With the G20 Leaders’ Summit to be held in Hangzhou, East China’s Zhejiang province, on Sept 4-5, the city has come under the spotlight of the world media. But since the G20 summit is being held in the shadow of the global economic downturn, will the annual meeting lead the global governance and global economic recovery? How can China as the host better play the role of a responsible power?
The G20 members agree that economic cooperation, in “the spirit of win-win partnership”, is the way forward, and their shared aim is to build “an innovative, invigorated, interconnected and inclusive global economy”.
Given these facts, the G20 needs to find innovative ways to boost global economic growth, and reform the global economic and financial governance system to make it more resilient to possible risks and give developing countries greater say. Besides, the economic bloc should also propel international trade and investment to support sustainable growth. The common purpose of its members should be to realize the UN Sustainable Development Goals by 2030 through win-win partnership.

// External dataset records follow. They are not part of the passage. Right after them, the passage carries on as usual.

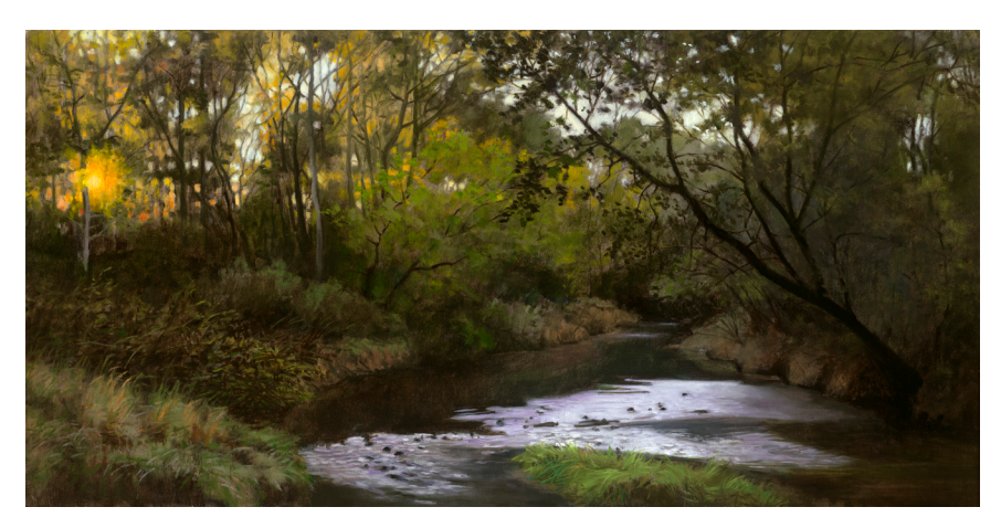
Ferson Creek Sunrise, Oct. 13, 2016
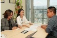
A job interview

In later videos, we will focus on the language of questions, show you some sample questions you could hear in a job interview, and how to answer them.
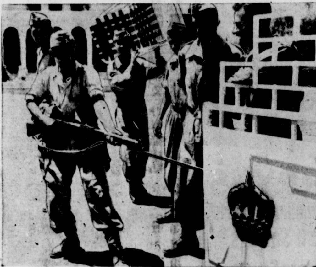
THEY LAUGH AT THE CROWN—An Iraqi soldier points his bayoneted rifle at a crown on the wall of the late King Faisal's palace in Baghdad. His laughing comrades in arms appreciate the grim jesture. Not far from here, Faisal was machine-gunned to death when the army-led coup took the country with sudden violence.
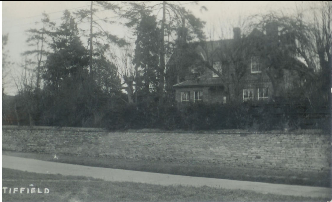
Manor Farm. Hedge lower than now and more trees in garden.

After several conferences of coordinators, as well as frequent discussions, the economies participating in the Hangzhou G20 summit have already accepted this fact. That’s why China is confident the G20 summit will fulfill its objectives. As the host country and chair of G20 this year, China will continue to contribute to global economic growth.
For the G20 to play its important role in global governance, it has to understand the real economic difficulties the world faces today. The G20 was born in 1999, when developing countries were on the rise and playing a greater role in the global economic growth. And over the past 17 years, the bloc has served as a very important platform for dialogue between developed countries and emerging market economies.

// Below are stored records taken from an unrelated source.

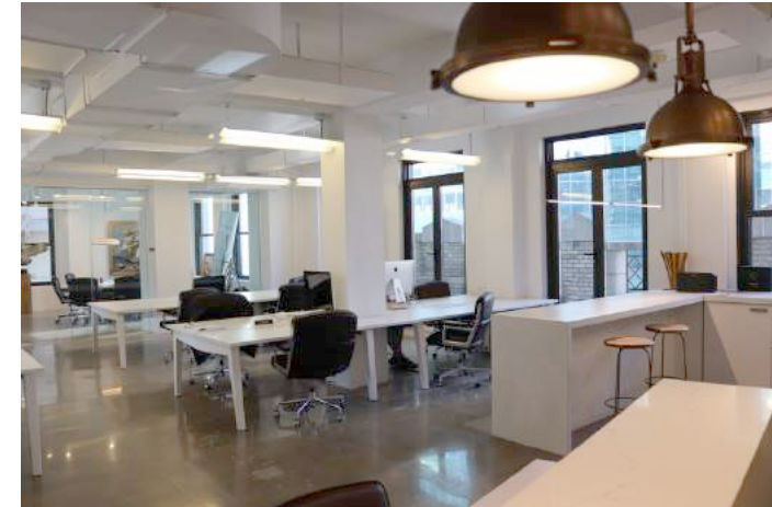
22nd Floor Creative Installation
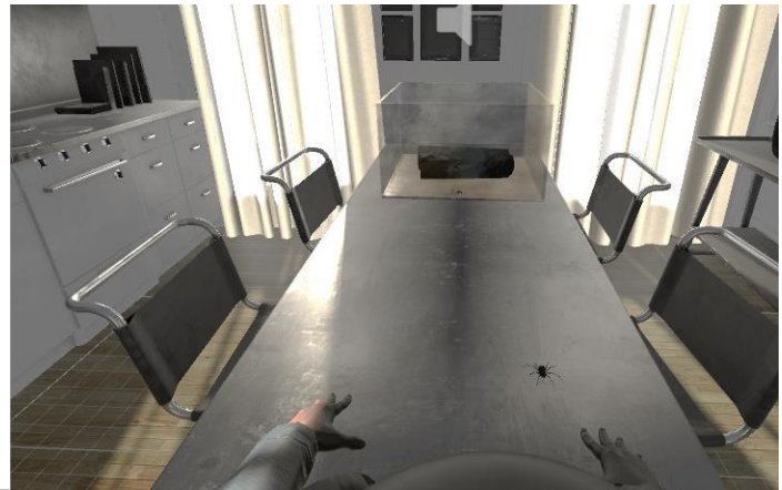
Figure 3. SPIDERS ENVIRONMENT

When the virtual reality experience was initiated, the fish bowl's front wall opened which triggered a scripted 3 minute animation where the spiders moved out of the fish bowl, approached the subject's end of the table and stopped 5cm away from the subjects' virtual hands. (Figure 3)
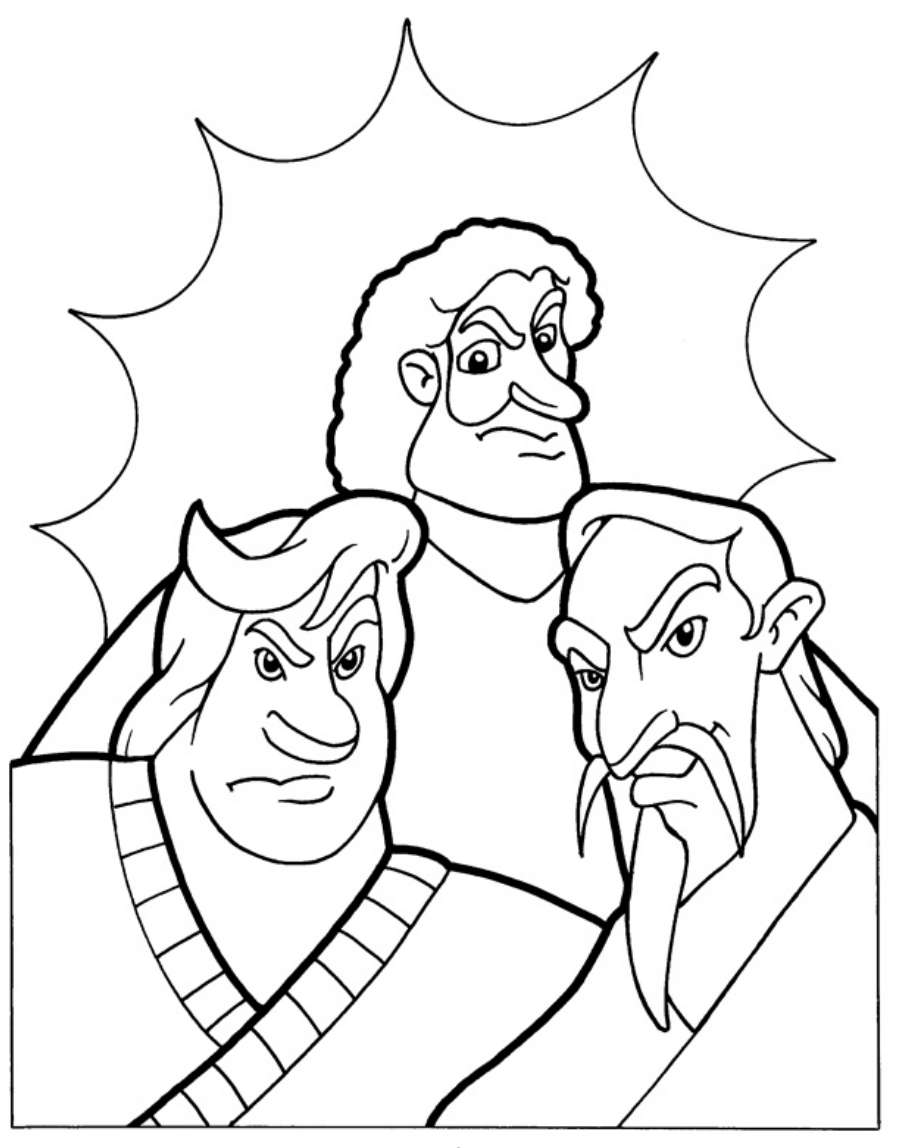
The Parable of the Tenants Matthew 21:33-46

Copyright © CalvaryCurriculum.com Used by Permission
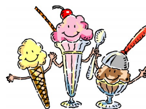
Ice Cream Social
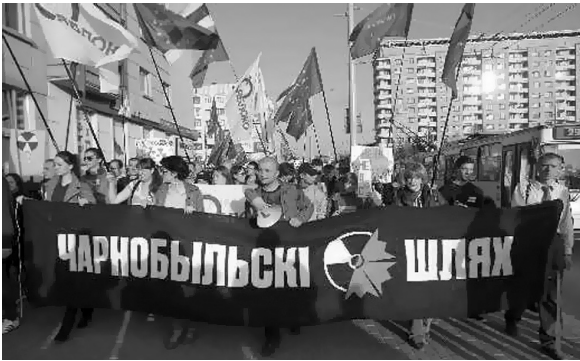
Chernobyl Way 2012. Minsk, 26 April 2012.
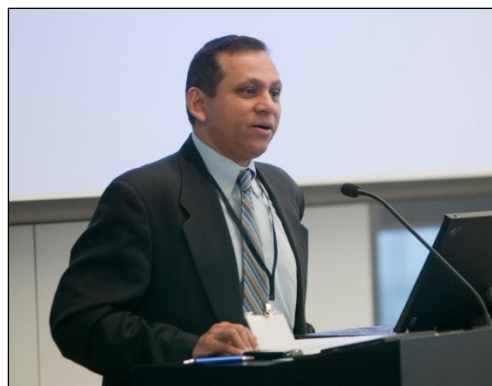
Dilip Ratha, World Bank

Fourth, developing countries should seek to train more people so as to offset the impacts of the brain drain. The diaspora can be leveraged for skill building and employment generation at home.
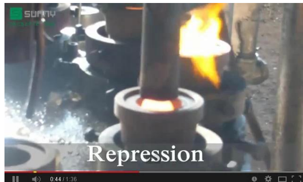
Mechanical press technology
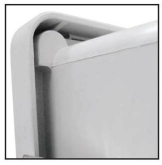
Ribbed Cover Corners
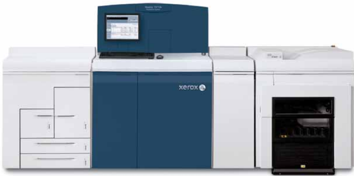
Xerox Nuvera® 157 EA Production System with Xerox® Production Stacker
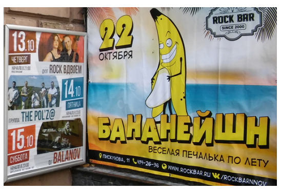
Figure 3. Different tendencies in a bar advertisement in Nizhny Novgorod: Rock Bar Since 2000; Rock вдвоем; THE POL'Z@;

Since 2000; Коск вдвоем; IHE POL Z@; BALANOV; Бананейшн Веселая печалька по лету. A bananeishn, or bananation, is a party where people are dressed and behave in a summery manner.

Facts show the G20 is a platform for developed and developing countries to discuss economic issues of global importance, for which its members have to respect each other’s core interests and identify areas of greatest common interests for cooperation.
Their largest common interest, however, lies in taking the globalization process forward. Through globalization, countries can share more common interests and economic gains. Since globalization requires free trade and investment, it facilitates fairer distribution of resources among economies and promotes equitable international rules.
Both emerging market economies and developed countries benefit from globalization. The United States has been pushing forward its Washington Consensus, but because it promotes the free flow of commodities and capital without considering the actual conditions of other countries, its policies have hurt many economies.
One of the US presidential candidates has blamed economic globalization for the recession in the US, claiming Chinese workers have “taken away” jobs from their American counterparts. This is baseless because trade protectionism is not conducive to global economic growth, so the G20 has to take a stance that opposes the US presidential candidate’s preposterous claims. To begin with, the G20 has to reform the global financial system, help promote the free flow of trade and investment, while keeping the real conditions of different economies in mind, to propel global economic growth.
China’s Belt and Road Initiative is an excellent example of how the global financial mechanism can be reformed. The initiative is conducive to the trend of the times, advocates equality and win-win cooperation in international matters, and helps developing countries and developed countries to better interact with each other.
As the host of the G20 summit, China will do its best to deepen coordination and cooperation among the bloc’s members. Since this year also marks the beginning of China’s 13th Five-Year Plan period (2016-20), as well as the operations of the Asian Infrastructure Investment Bank and the Belt and Road Initiative, China will do everything in its power to make the G20 summit a grand success and lead the world out of the economic crisis.